2 Mr Lim is the founder, manager, and owner of the Zhun Ti Tang temple (“the Temple”). Mr Khoo was a Buddhist worshipper at the Temple who was actively involved as a volunteer there from 2016–2018. Prior to the parties’ acquisition of the Property, the Temple was housed at Mr Lim’s residential address. In 2017, Mr Lim wished to move the Temple to a separate location. Mr Lim approached Mr Khoo and proposed purchasing a commercial property in their joint names for the Temple. The parties thus agreed to purchase the Property together for use as the Temple’s premises. To assist in their acquisition of the Property, the parties obtained a mortgage loan in their joint names, for which they are jointly and severally liable to the mortgagee-bank. The second floor of the Property was then used as the premises for the Temple, while the first floor was used for a business selling handicrafts, collectibles, gifts, and Buddhist idols and statues, known as Zhen Ru Ge. Mr Lim is the sole proprietor of this business (“the Business”).
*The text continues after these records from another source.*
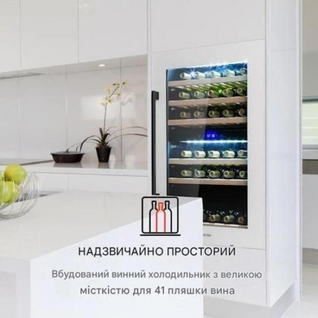 - Надзвичайно просторий: вбудований винний холодильник місткістю 41 пляшка вина.
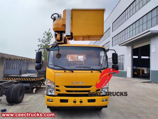 Овај Исузу изоловани ваздушни радовикамионје базиран на Исузу НПР шасији и усваја 4Кс2 режим вожње, који је управљив и флексибилан. Опремљен интегрисаним системом за подизање, максимална радна висина може да достигне 21,7 метара, радни радијус је 13 метара, а може да се ротира у опсегу од 90° и 95° лево и десно. Дизајн изолације је одличан, радна кашика има перформансе изолације од 20кВ/5мин, а унутрашња изолација може да достигне 50кВ/5мин. Телескопска рука је направљена од ФРП-а и челика, подржава ротацију до 360° и побољшава сигурност и оперативну флексибилност. Систем напајања је опремљен дизел мотором ИСУЗУ 4ХК1, који испуњава Еуро ВИ стандарде емисије, има излазну снагу од 190 коњских снага и може да превезе 3 путника у исто време, погодан за различите сложене сценарије рада у ваздуху.
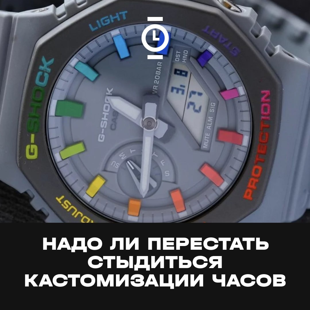 НАДО ЛИ ПЕРЕСТАТЬ СТЫДИТЬСЯ КАСТОМИЗАЦИИ ЧАСОВ #факты_WD Мир давно сошёл с ума по кастомам — автомобили тюнингуют, гитары переделывают под себя, а вот часы до сих пор боятся тронуть. Почему? Ведь даже скрипку XVIII века перестраивают под современные стандарты, и никому это не кажется кощунством. В часовом мире отношение иное: любое вмешательство за пределами замены ремешка считается почти святотатством. Исключение — культовые сообщества вокруг G-Shock и Seiko, где кастом давно стал нормой. Любители этих марок меняют алюминиевые безели на керамические, ставят сапфировые стёкла вместо Hardlex, заменяют стрелки и индексы. Все эти модификации безопасны, обратимы и делают часы по-настоящему личными. Дальше начинается более тонкая работа. Некоторые мастера создают прозрачные задние крышки или новые безели для Speedmaster, превращая знакомый силуэт в нечто индивидуальное. Другие идут дальше — заказывают уникальные циферблаты у таких художников, как The Dial Artist, превращая серийные моде
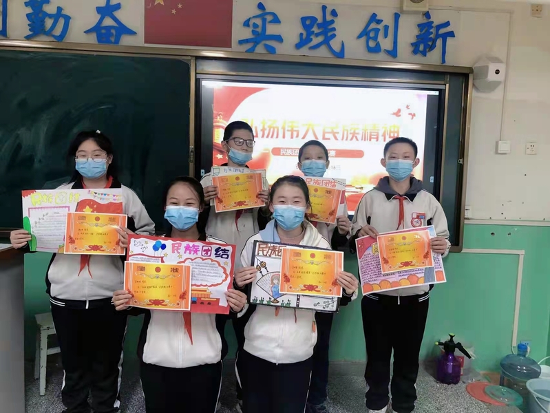马克思主义学院曹佩、冯杨诗雨、李飞飞、朱可妍等同学分别在哈密市第五小学、第六中学开展“铸牢中华民族共同体意识 争做民族团结好少年”主题宣讲活动,赢得学校师生的一致好评;数学与统计学院的陈晶星、凌欣悦在哈密市八中和九校开展“弘扬伟大民族精神”手抄报比赛,并举办“我来说说我的家”主题班会活动,学生通过分享各自民族的风俗习惯和服饰文化等内容,加强彼此之间的了解;数学与统计学院沈超同学则利用学校的周末文化活动带领学生参观“民族刺绣园”和“文创园”,让学生感受不同民族的智慧和魅力;外国语学院的白璟琦、张晓婷等同学举办“展美食说英语”活动,学生们通过ppt用英语简要讲解各自民族的特色美食,让学生对各民族饮食文化有了深刻认知。
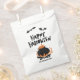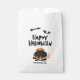 Personalizable y singular bolsa de favores de Halloween con ilustraciones de un caldero, murciélagos y tipografía moderna. El acento perfecto para tu fiesta de Halloween.

3 In 2018, the parties decided to part ways but could not agree on what their respective beneficial ownership in the Property was. They brought their dispute to court. Mr Lim asserted beneficial ownership of 99% or 100% on the basis of a common intention trust. Mr Khoo claimed 50% beneficial ownership based on a different common intention.
4 In Khoo Jee Chek v Lim Beng Tiong [2023] SGHC 233 dated 23 August 2023 (“the Judgment”), the Judge rejected both parties’ primary cases, holding that there was insufficient evidence of common intention. Instead, she gave judgment based on a presumption of resulting trust analysis, in respect of which she had heard parties’ submissions concerning their respective contributions to the purchase price. Noting that they were both jointly liable for the mortgage, the Judge counted the mortgage loan as contribution by them both equally and consequently concluded (after considering the proportions of their initial contributions to the purchase and other ancillary payments) that Mr Khoo’s beneficial ownership was 38.38% while Mr Lim’s was 61.62%.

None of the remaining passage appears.